━━━ SUPPLIED RECORDS

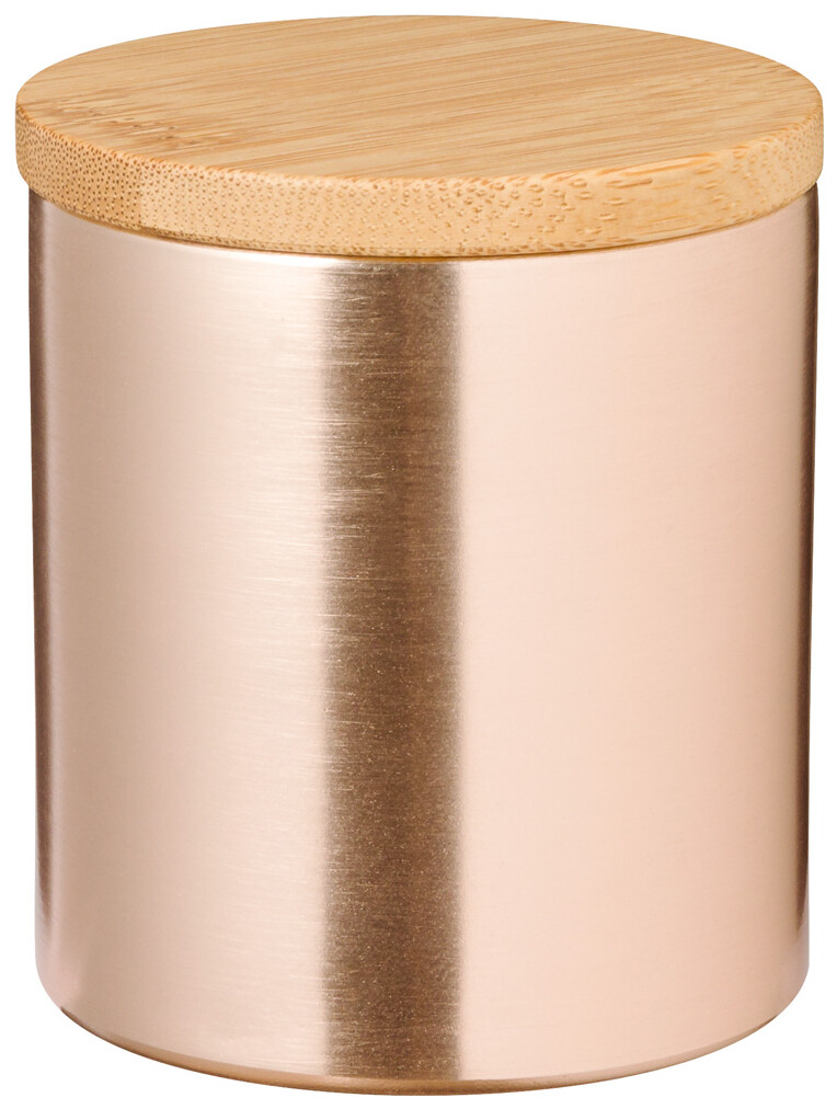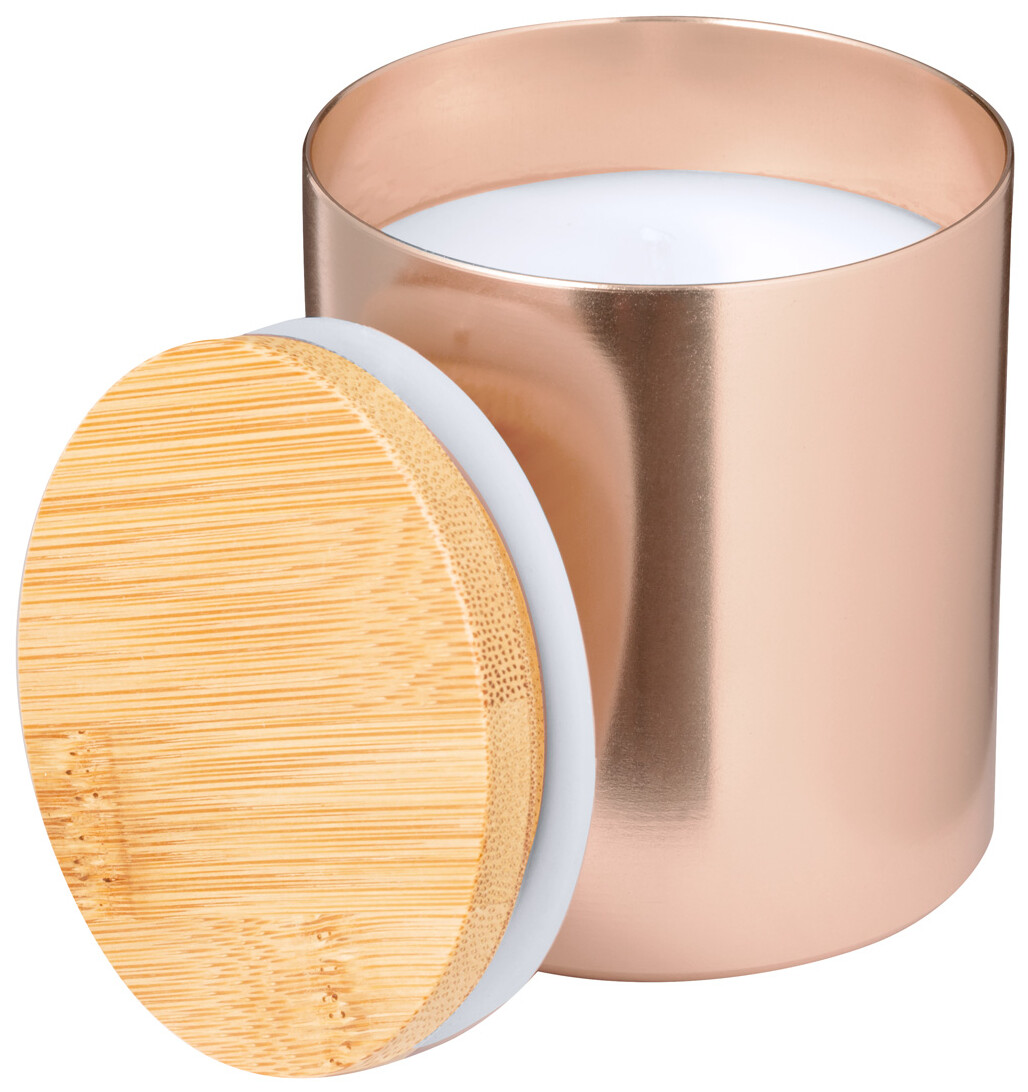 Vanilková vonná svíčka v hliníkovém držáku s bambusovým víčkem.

━━━━━━
━━━ SUPPLIED RECORDS

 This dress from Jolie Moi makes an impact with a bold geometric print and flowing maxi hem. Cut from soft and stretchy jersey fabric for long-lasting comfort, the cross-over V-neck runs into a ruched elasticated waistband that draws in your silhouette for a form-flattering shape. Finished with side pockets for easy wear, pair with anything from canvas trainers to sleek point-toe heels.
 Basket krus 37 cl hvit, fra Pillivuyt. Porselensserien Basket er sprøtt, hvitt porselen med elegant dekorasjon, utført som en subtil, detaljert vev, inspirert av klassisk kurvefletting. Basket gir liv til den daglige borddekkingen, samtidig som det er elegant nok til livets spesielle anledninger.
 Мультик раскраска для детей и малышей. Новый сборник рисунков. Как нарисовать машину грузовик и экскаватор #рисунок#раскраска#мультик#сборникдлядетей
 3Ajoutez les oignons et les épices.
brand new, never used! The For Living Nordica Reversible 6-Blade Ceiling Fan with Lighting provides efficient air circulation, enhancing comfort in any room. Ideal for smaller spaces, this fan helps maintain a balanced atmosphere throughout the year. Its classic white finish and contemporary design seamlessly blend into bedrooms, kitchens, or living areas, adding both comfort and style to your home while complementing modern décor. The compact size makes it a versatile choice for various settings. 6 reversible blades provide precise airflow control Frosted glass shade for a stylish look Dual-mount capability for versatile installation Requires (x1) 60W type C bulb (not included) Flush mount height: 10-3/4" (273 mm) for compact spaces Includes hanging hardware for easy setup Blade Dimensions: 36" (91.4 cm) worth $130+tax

━━━━━━

### [ACTION ITEM]
Above are the entries. Copy exactly the part that opens with the line containing "Basket krus 37" and closes with the line containing "3Ajoutez les oignons et les épices.", and no more.

### [RESULT]
 Basket krus 37 cl hvit, fra Pillivuyt. Porselensserien Basket er sprøtt, hvitt porselen med elegant dekorasjon, utført som en subtil, detaljert vev, inspirert av klassisk kurvefletting. Basket gir liv til den daglige borddekkingen, samtidig som det er elegant nok til livets spesielle anledninger.
 Мультик раскраска для детей и малышей. Новый сборник рисунков. Как нарисовать машину грузовик и экскаватор #рисунок#раскраска#мультик#сборникдлядетей
 3Ajoutez les oignons et les épices.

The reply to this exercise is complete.